◆ What is expected
The records below are to be copied exactly, with their pictures left out.

===== Dataset records =====

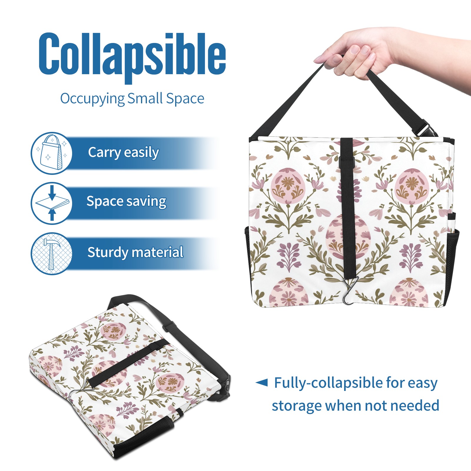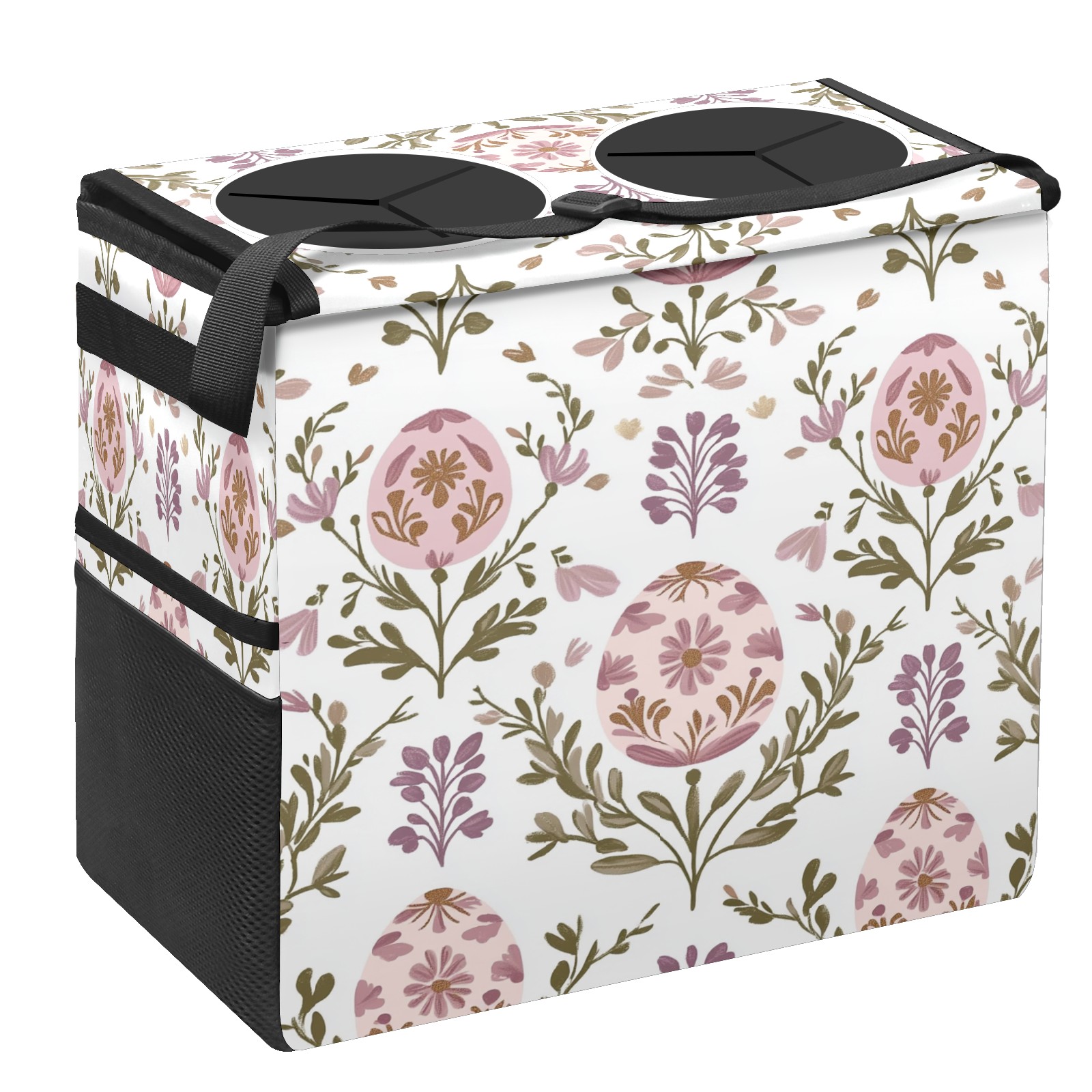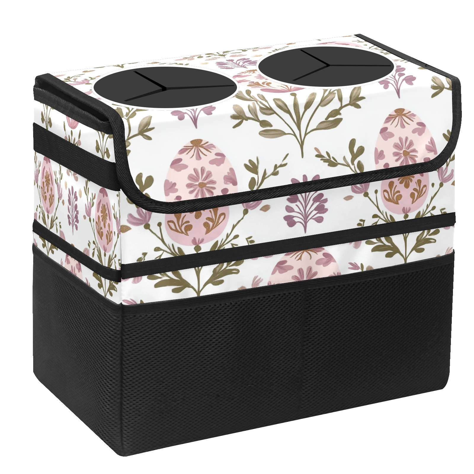 Car Trash Can with Lid, Portable Hanging Automotive Garbage Bin for Vehicles, Leakproof Waste Bag Container for SUV Truck Van Interior Auto Travel Road Trips(Egg-shaped Floral)
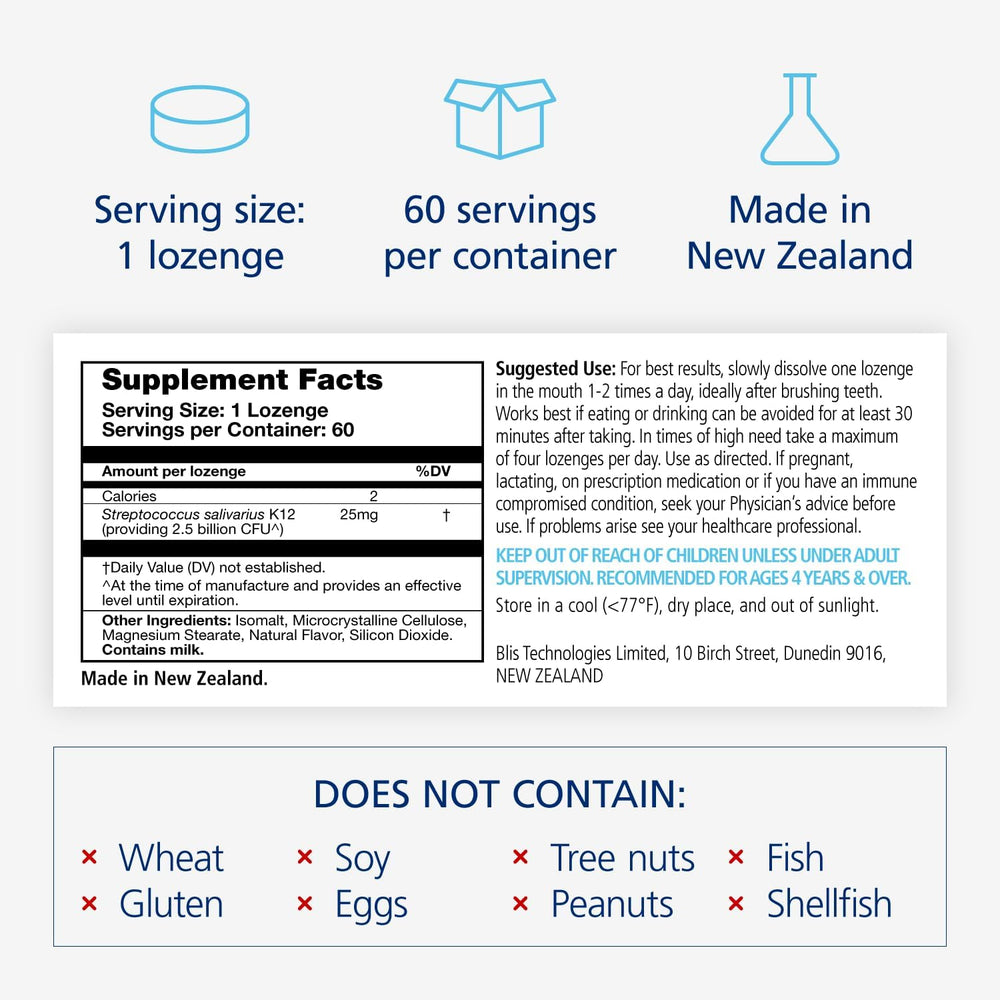 BLIS ThroatHealth Probióticos orales, 2.5 mil millones Cfu, 60 unidades
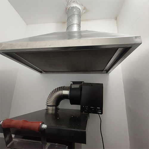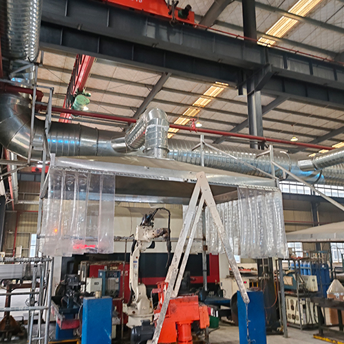 激光焊接排煙罩風管安裝施工現(xiàn)場
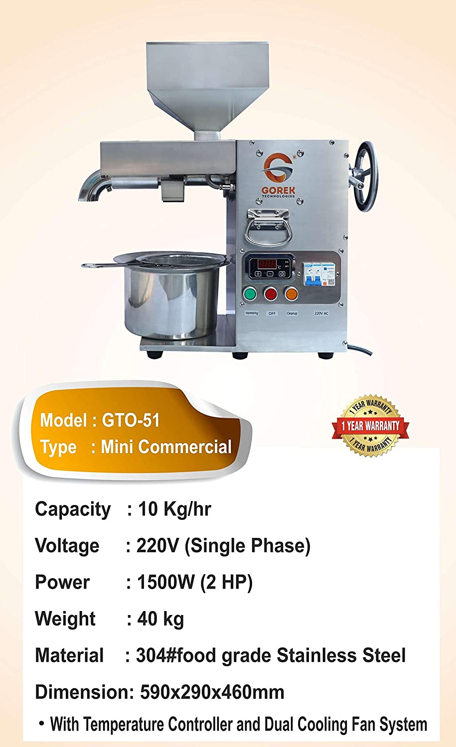 - Commercial-Grade Excellence: Elevate your oil production to commercial standards with the GTO-51. This machine consistently delivers high-quality output, meeting the expectations of discerning customers and positioning your products as top-tier in the market.
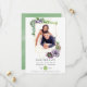 Cartões de save the date de casamento com suculentas modernas com moldura geométrica dourada e verso com lavagem de aquarela verde-sage.
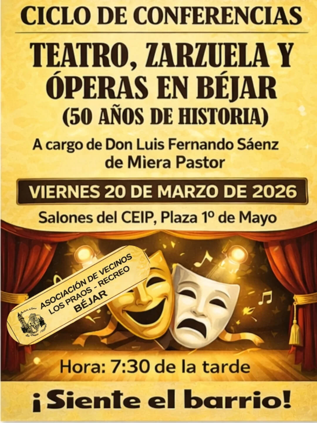 La Asociación de Vecinos Los Praos-Recreo de Béjar organiza una nueva sesión del ciclo de conferencias “Teatro, zarzuela y óperas en Béjar (50 años de historia)”, que será impartida por Luis Fernando Sáenz de Miera Pastor.
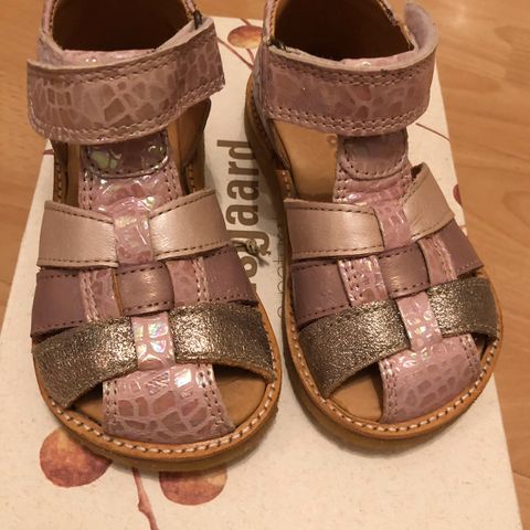 Bisgaard Rose Gold Coco sandal sælges fordi jeg har købt en for lille størrelse. De er brugt 3 gange hvoraf den ene var i udflytterbørnehaven, hvorfor de ser lidt beskidte ud. Men de er ikke formet efter fødderne endnu, så på den front er de så gode som nye. De sidder virkelig godt på fødderne. Og jeg synes selv det er en god kombination af praktisk og pæn sko, så da jeg konstaterede at de var for små skyndte jeg mig at købe nogle nye inden modellen blev udsolgt.
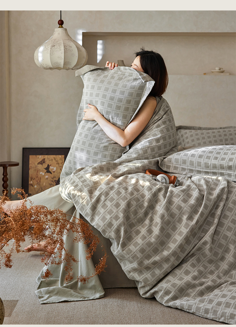 笙意家纺 2025新款全棉A版棉麻提花B版13372四件套-乔屿系列 乔屿绿

=====

◆ Answer box
 Car Trash Can with Lid, Portable Hanging Automotive Garbage Bin for Vehicles, Leakproof Waste Bag Container for SUV Truck Van Interior Auto Travel Road Trips(Egg-shaped Floral)
 BLIS ThroatHealth Probióticos orales, 2.5 mil millones Cfu, 60 unidades
 激光焊接排煙罩風管安裝施工現(xiàn)場
 - Commercial-Grade Excellence: Elevate your oil production to commercial standards with the GTO-51. This machine consistently delivers high-quality output, meeting the expectations of discerning customers and positioning your products as top-tier in the market.
 Cartões de save the date de casamento com suculentas modernas com moldura geométrica dourada e verso com lavagem de aquarela verde-sage.
 La Asociación de Vecinos Los Praos-Recreo de Béjar organiza una nueva sesión del ciclo de conferencias “Teatro, zarzuela y óperas en Béjar (50 años de historia)”, que será impartida por Luis Fernando Sáenz de Miera Pastor.
 Bisgaard Rose Gold Coco sandal sælges fordi jeg har købt en for lille størrelse. De er brugt 3 gange hvoraf den ene var i udflytterbørnehaven, hvorfor de ser lidt beskidte ud. Men de er ikke formet efter fødderne endnu, så på den front er de så gode som nye. De sidder virkelig godt på fødderne. Og jeg synes selv det er en god kombination af praktisk og pæn sko, så da jeg konstaterede at de var for små skyndte jeg mig at købe nogle nye inden modellen blev udsolgt.
 笙意家纺 2025新款全棉A版棉麻提花B版13372四件套-乔屿系列 乔屿绿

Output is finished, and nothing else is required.